Goal of the exercise: Please retype all of the records below word for word, leaving out any pictures.

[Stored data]
__________

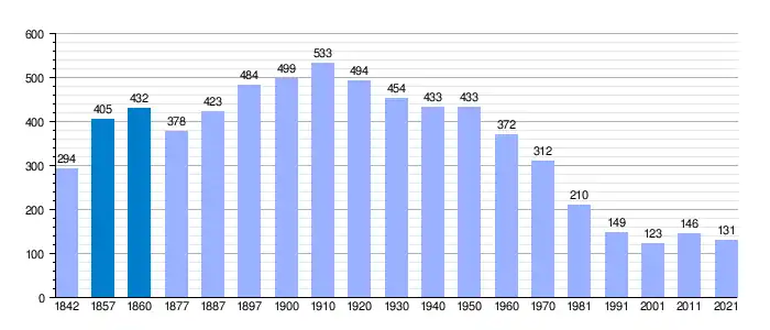 | Gráfica de evolución demográfica de San Pedro del Valle[6] entre 1842 y 2021 |
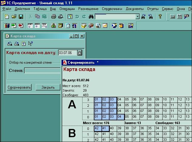 где синим отражены занятые ячейки, бесцветные - пустые. По двойному клику на ячейке – появляется информация о товаре и количестве внутри данной ячейки:
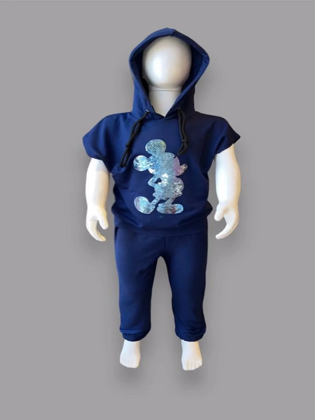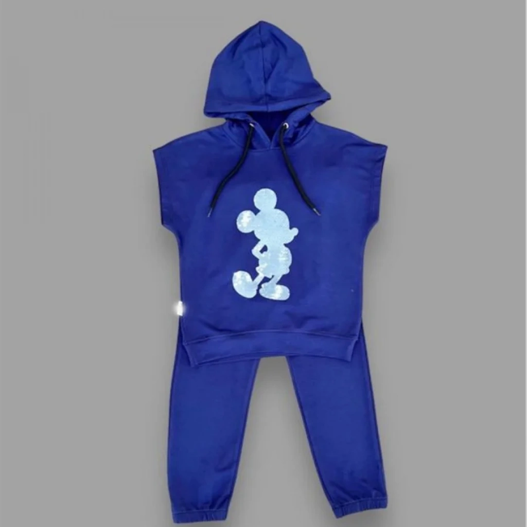 3-4-5 Yaş Kapşonlu Payetli Mickey Desenli Kısa Kol 2li Kız Erkek Çocuk Takımı Lacivert
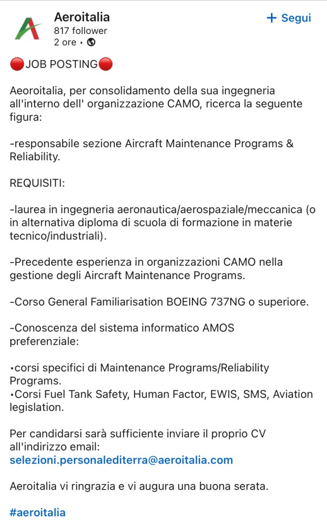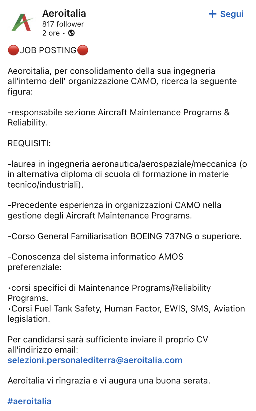Aeoroitalia, per consolidamento della sua ingegneria all’interno dell’ organizzazione CAMO, ricerca la seguente figura:
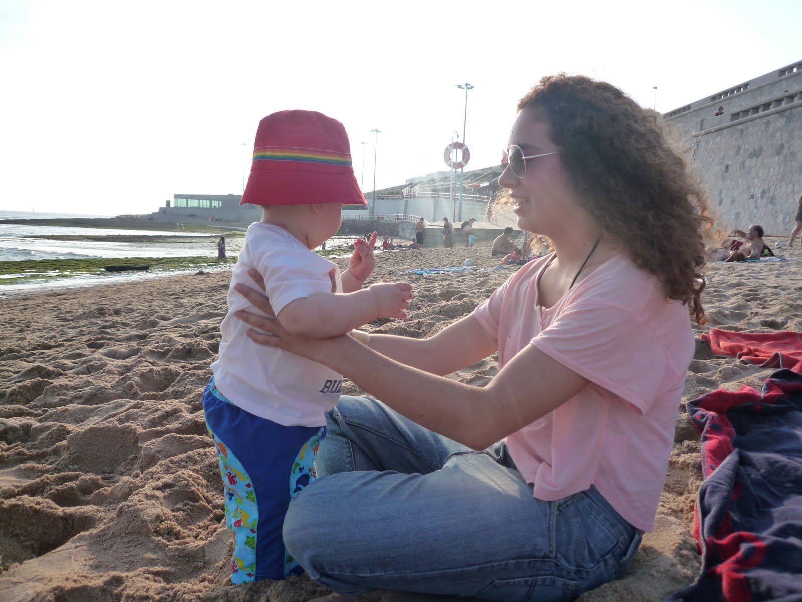 O Afonso foi à praia com os papás e com a tia. Adorou mexer e provar a areia. Adorou as gaivotas, os outros meninos e até a água, até vir uma onda que o molhou. O ano passado não pude aproveitar a praia porque estava muito grávida nesta altura do ano, com mais 20Kg e já não cabia em nenhum bikini ou fato de banho e custou-me gastar dinheiro numa coisa que iria usar pouquíssimas vezes. Acho o preço dos fatos de banho e bikinis de grávida um abuso. Por isso, foi com surpresa que, dois anos depois, vi a praia da Parede, a dos velhotes, toda arranjadinha. Gostei muito. Só tive pena que tivessem acabado com as barraquinhas, porque este ano iria alugar uma, provavelmente. O dia de ontem foi tão agitado, até de noite, que hoje o meu traquina dormiu até às 10h30m.
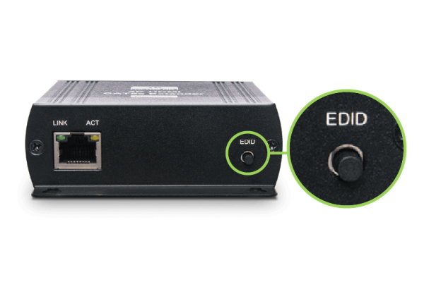 HE03-4K 支援 EDID 功能,您可以透過 R 端按鍵設定,讓您的來源端自動依據顯示器的最高解析度調整輸出。

__________

Answer to this problem:
 | Gráfica de evolución demográfica de San Pedro del Valle[6] entre 1842 y 2021 |
 где синим отражены занятые ячейки, бесцветные - пустые. По двойному клику на ячейке – появляется информация о товаре и количестве внутри данной ячейки:
 3-4-5 Yaş Kapşonlu Payetli Mickey Desenli Kısa Kol 2li Kız Erkek Çocuk Takımı Lacivert
Aeoroitalia, per consolidamento della sua ingegneria all’interno dell’ organizzazione CAMO, ricerca la seguente figura:
 O Afonso foi à praia com os papás e com a tia. Adorou mexer e provar a areia. Adorou as gaivotas, os outros meninos e até a água, até vir uma onda que o molhou. O ano passado não pude aproveitar a praia porque estava muito grávida nesta altura do ano, com mais 20Kg e já não cabia em nenhum bikini ou fato de banho e custou-me gastar dinheiro numa coisa que iria usar pouquíssimas vezes. Acho o preço dos fatos de banho e bikinis de grávida um abuso. Por isso, foi com surpresa que, dois anos depois, vi a praia da Parede, a dos velhotes, toda arranjadinha. Gostei muito. Só tive pena que tivessem acabado com as barraquinhas, porque este ano iria alugar uma, provavelmente. O dia de ontem foi tão agitado, até de noite, que hoje o meu traquina dormiu até às 10h30m.
 HE03-4K 支援 EDID 功能,您可以透過 R 端按鍵設定,讓您的來源端自動依據顯示器的最高解析度調整輸出。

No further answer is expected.